_Requirement:_
The required output is the exact run of lines below that opens at the line with "Brain Injury: Acute Management Strategies" and closes at the line with "Заборы и ограждения".

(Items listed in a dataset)

/---

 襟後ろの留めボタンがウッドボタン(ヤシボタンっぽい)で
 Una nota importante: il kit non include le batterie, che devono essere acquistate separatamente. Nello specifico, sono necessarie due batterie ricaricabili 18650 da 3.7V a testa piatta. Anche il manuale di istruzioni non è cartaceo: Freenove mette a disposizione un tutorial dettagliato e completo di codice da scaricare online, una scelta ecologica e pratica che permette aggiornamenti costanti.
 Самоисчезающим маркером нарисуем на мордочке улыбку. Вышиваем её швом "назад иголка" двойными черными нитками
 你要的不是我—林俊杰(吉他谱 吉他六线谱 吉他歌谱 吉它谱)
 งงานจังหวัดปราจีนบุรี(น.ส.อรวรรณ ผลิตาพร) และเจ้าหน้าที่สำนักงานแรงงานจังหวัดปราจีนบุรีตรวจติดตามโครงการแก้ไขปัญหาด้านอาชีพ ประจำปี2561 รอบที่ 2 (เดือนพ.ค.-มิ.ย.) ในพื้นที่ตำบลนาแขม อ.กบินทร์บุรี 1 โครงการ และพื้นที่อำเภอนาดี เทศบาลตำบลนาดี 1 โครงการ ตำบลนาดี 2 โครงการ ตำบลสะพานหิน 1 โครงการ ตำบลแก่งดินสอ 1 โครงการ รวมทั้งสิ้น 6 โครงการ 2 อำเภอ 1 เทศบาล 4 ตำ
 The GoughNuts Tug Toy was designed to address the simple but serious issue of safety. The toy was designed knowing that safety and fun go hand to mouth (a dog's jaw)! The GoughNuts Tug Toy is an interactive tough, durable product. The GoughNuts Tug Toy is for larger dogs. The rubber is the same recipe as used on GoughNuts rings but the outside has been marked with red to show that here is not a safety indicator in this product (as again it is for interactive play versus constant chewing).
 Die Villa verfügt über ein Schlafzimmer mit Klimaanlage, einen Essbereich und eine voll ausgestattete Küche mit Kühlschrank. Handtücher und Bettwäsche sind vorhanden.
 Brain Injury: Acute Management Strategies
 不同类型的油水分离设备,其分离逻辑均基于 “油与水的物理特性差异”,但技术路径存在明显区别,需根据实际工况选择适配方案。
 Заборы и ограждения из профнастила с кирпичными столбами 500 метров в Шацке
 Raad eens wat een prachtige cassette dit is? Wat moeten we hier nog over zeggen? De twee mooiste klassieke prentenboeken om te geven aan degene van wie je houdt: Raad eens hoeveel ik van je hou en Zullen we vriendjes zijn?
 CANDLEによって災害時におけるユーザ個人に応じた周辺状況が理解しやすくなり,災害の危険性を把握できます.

\---

_Task result:_
 Brain Injury: Acute Management Strategies
 不同类型的油水分离设备,其分离逻辑均基于 “油与水的物理特性差异”,但技术路径存在明显区别,需根据实际工况选择适配方案。
 Заборы и ограждения из профнастила с кирпичными столбами 500 метров в Шацке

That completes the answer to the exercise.